** RECORDS PROVIDED follows **
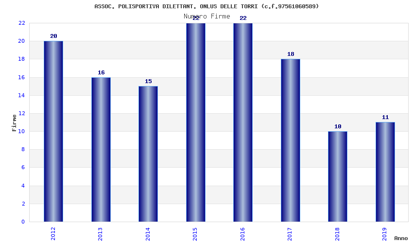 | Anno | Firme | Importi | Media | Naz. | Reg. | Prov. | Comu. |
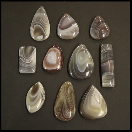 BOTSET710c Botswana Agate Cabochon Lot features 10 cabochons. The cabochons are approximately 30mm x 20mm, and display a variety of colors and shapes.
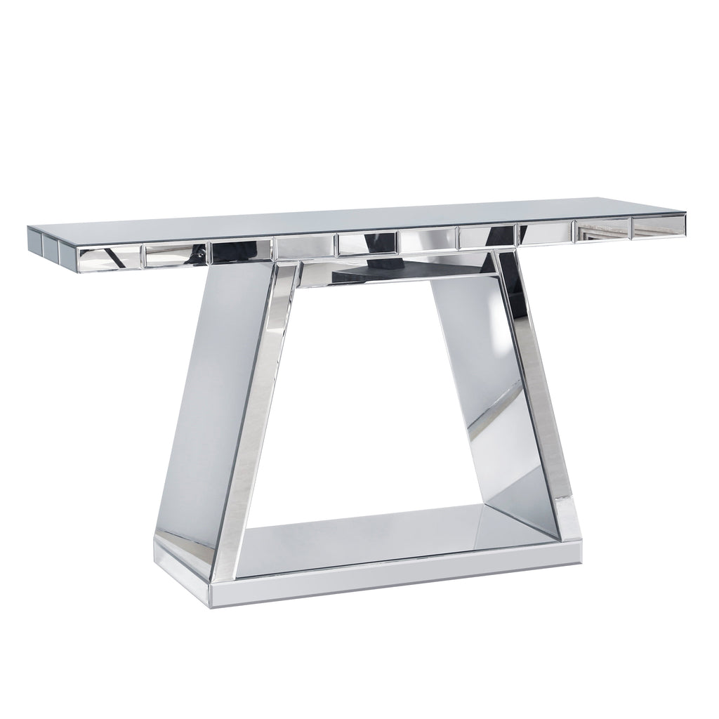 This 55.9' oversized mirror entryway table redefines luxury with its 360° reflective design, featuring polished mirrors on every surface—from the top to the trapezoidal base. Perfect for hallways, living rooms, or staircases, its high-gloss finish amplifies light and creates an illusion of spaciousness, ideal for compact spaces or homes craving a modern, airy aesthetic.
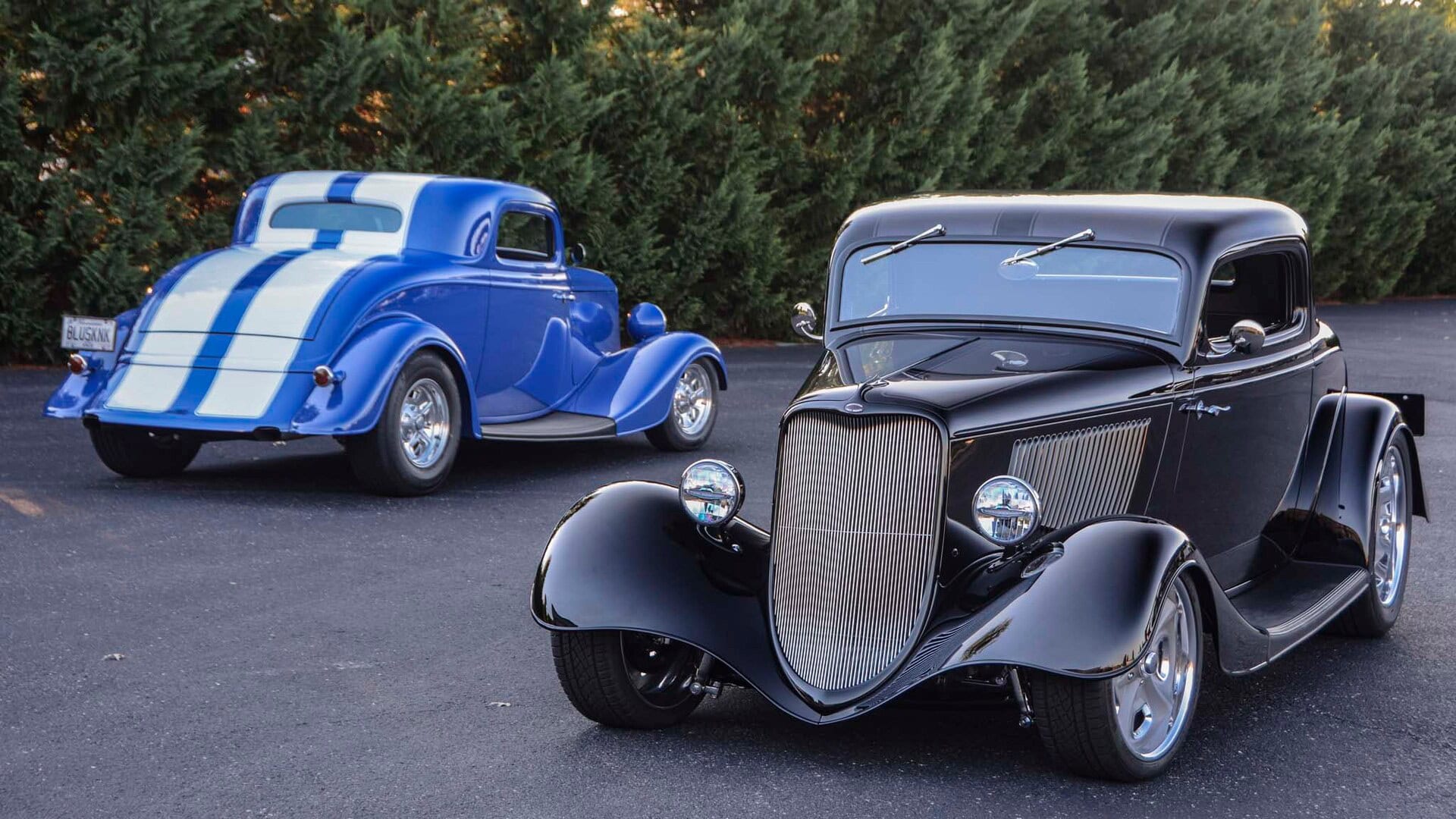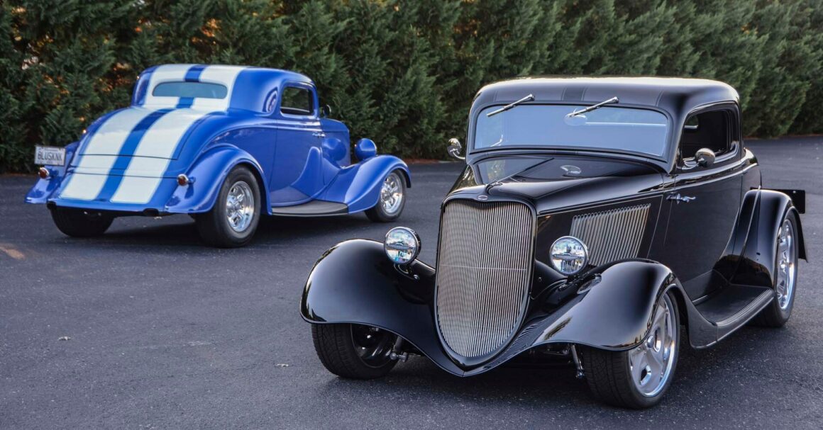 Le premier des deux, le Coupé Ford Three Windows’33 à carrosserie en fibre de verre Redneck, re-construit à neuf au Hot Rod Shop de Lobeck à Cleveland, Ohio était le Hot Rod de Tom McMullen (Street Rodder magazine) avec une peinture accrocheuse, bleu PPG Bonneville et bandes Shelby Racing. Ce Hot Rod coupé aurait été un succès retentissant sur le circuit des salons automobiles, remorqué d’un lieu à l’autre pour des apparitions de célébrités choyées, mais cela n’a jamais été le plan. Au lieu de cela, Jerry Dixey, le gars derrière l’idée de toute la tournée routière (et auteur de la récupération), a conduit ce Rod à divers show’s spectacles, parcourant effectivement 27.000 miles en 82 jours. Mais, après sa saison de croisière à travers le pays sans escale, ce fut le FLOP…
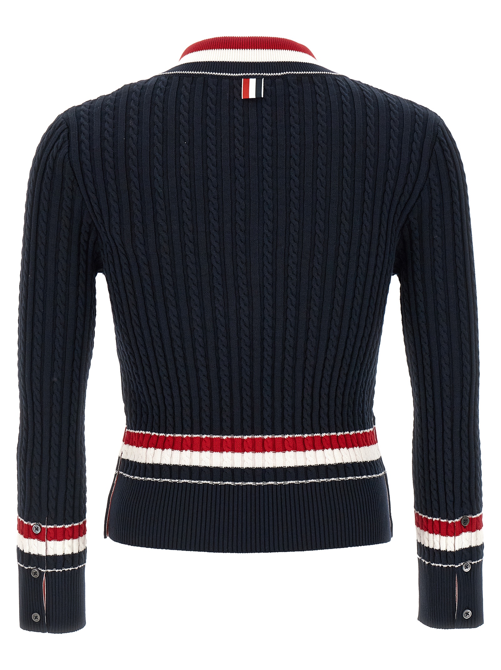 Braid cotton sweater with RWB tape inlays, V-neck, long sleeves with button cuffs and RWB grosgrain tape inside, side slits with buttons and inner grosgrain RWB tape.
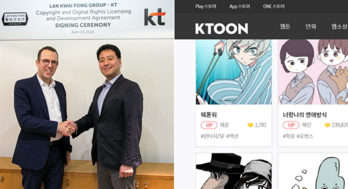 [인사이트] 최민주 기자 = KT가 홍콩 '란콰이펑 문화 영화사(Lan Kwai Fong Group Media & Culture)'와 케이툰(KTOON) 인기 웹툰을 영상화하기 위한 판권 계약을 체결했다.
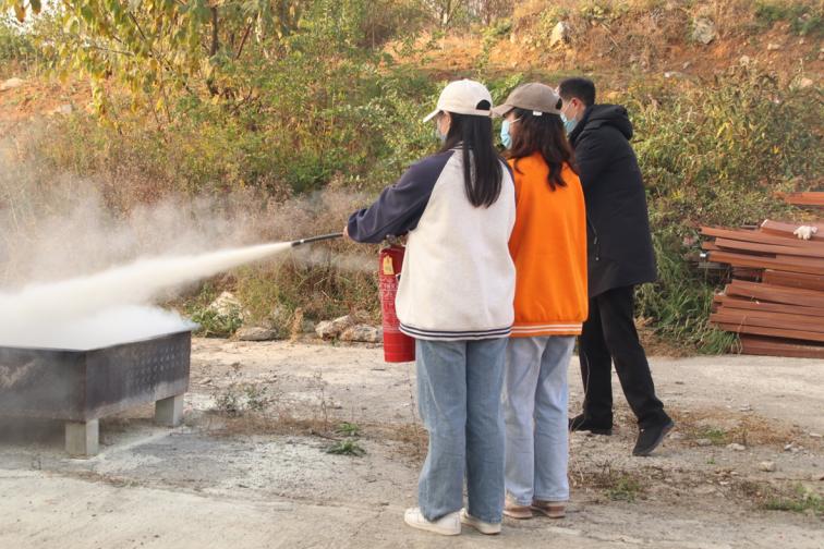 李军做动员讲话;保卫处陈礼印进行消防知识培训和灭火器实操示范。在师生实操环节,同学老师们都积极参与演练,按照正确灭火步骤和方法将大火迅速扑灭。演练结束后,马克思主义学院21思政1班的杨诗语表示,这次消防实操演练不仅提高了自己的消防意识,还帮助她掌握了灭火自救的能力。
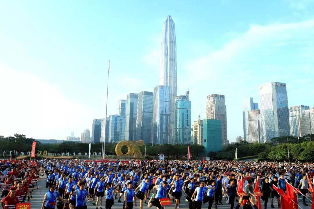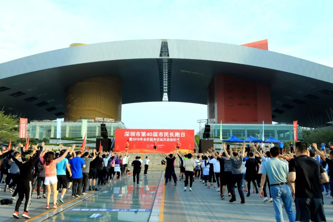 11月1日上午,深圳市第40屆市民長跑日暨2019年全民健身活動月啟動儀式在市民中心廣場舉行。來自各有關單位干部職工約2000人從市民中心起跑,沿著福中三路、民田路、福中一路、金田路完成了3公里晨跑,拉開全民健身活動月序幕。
** End of RECORDS PROVIDED **
** RECORDS PROVIDED follows **
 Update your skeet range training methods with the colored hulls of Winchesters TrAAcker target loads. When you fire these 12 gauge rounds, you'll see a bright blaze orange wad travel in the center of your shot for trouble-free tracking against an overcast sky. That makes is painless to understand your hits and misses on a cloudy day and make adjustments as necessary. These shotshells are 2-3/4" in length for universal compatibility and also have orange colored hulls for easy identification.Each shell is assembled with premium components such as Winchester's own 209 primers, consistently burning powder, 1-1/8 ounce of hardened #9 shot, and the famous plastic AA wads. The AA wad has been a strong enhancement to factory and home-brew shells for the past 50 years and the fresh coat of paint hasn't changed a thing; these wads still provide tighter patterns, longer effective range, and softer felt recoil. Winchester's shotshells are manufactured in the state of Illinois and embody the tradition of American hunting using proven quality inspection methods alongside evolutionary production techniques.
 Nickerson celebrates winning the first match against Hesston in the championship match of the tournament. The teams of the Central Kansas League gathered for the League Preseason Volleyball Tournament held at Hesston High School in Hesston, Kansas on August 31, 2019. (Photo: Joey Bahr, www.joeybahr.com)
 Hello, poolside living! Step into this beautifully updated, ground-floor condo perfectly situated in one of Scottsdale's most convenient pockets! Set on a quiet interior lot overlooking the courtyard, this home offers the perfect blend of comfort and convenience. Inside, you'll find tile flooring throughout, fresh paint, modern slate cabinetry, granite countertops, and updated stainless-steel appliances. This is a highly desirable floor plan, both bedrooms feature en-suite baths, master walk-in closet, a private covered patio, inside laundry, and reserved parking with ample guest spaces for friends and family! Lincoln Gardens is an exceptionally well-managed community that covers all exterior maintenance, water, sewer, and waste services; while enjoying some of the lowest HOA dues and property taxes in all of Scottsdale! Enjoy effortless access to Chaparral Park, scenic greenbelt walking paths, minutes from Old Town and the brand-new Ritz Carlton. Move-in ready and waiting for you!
** End of RECORDS PROVIDED **
I'd like the lines above repeated exactly, from the one that contains "Braid cotton sweater" through the one that contains "11月1日上午,深圳市第40", with no pictures.

FINAL ANSWER
 Braid cotton sweater with RWB tape inlays, V-neck, long sleeves with button cuffs and RWB grosgrain tape inside, side slits with buttons and inner grosgrain RWB tape.
 [인사이트] 최민주 기자 = KT가 홍콩 '란콰이펑 문화 영화사(Lan Kwai Fong Group Media & Culture)'와 케이툰(KTOON) 인기 웹툰을 영상화하기 위한 판권 계약을 체결했다.
 李军做动员讲话;保卫处陈礼印进行消防知识培训和灭火器实操示范。在师生实操环节,同学老师们都积极参与演练,按照正确灭火步骤和方法将大火迅速扑灭。演练结束后,马克思主义学院21思政1班的杨诗语表示,这次消防实操演练不仅提高了自己的消防意识,还帮助她掌握了灭火自救的能力。
 11月1日上午,深圳市第40屆市民長跑日暨2019年全民健身活動月啟動儀式在市民中心廣場舉行。來自各有關單位干部職工約2000人從市民中心起跑,沿著福中三路、民田路、福中一路、金田路完成了3公里晨跑,拉開全民健身活動月序幕。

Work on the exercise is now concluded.